I looked for a relatively simple actual example of a score calculation, that is a bit more complex than the Apgar score. I found the Motricity Index. It’s a couple of simple sums, with two sub-scores, a summed total, and an average of the two scores as its final score. With the exception that the result of 33 + 33 + 33 is defined as 100 instead of 99. Below I added a simple visualization of the archetype and the rule, because it is slightly easier to read than the rules. All the elements are ordinals, except for the summed scores, which are DV_COUNTs.
This is a visualization of an ADL 2 archetype, I uploaded it as openEHR-EHR-OBSERVATION.motricity_index.v1.0.0.adls (22.9 KB)
Note that here some fields are both used as input and output bindings at the same time, and it assumes that the rules are evaluated from top to bottom. Whether this is correct according to the standard is impossible to say, since the execution model is not defined, but it is how we interpreted it.
Some observations:
- using subscores that make sense as a separate score in the model, that are also used to compute a total score is very common. That means there needs to be some kind of way to express that, for example with both input and output bindings at the same time
- naming the input/output in different languages is obviously useful in many places, but in archetypes specifically, I wonder how useful these are - they could also be auto-generated from the archetype, as shown in the visualisation. For CDS/GDL that is obviously very different.
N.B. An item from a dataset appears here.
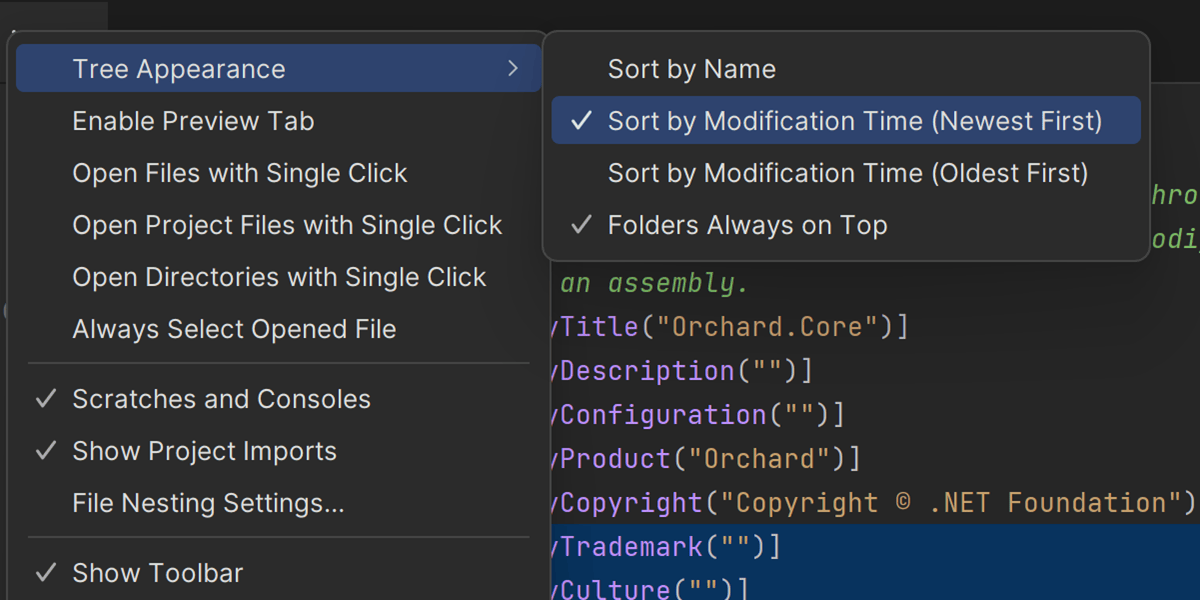Rider 2023.2 添加了备受期待的选项,可根据修改时间在 Solution Explorer 中排列文件。 每当项目中有更改被保存时,这个新功能就会自动重排文件。 要启用此功能,首先在 Solution Explorer 中打开竖三点菜单,然后选择 Tree Appearance | Sort by Modification Time(树外观 | 按修改时间排序)。

- names for the tags for rules in many languages could actually be useful, as well as custom messages to show in language if validations defined in rules are failing.
- some earlier versions of a new syntax for this expression language did not allow for variables, only direct path bindings. This example would be a problem without variables.
- It could be a good idea to explicitly bind these rules to specific parts of the archetype, with the semantics ‘these should be executed and valid for every occurrences in this part of this archetype’. This could be as simple as defining a for_all block around all these rules, saying it’s for all events in the motricity score. Note that in these cases, it could still be required to use values outside the given scope, at least as long as they are single valued or processed with some operation or function that accepts lists.
But we probably need agreement on the following in order to agree on working on this:
- A clear list of use cases for these
- A list of goals we want to achieve
- A number of people actually wanting to help write and implement a new standard.
Without those being present, I find a new language very hard to justify.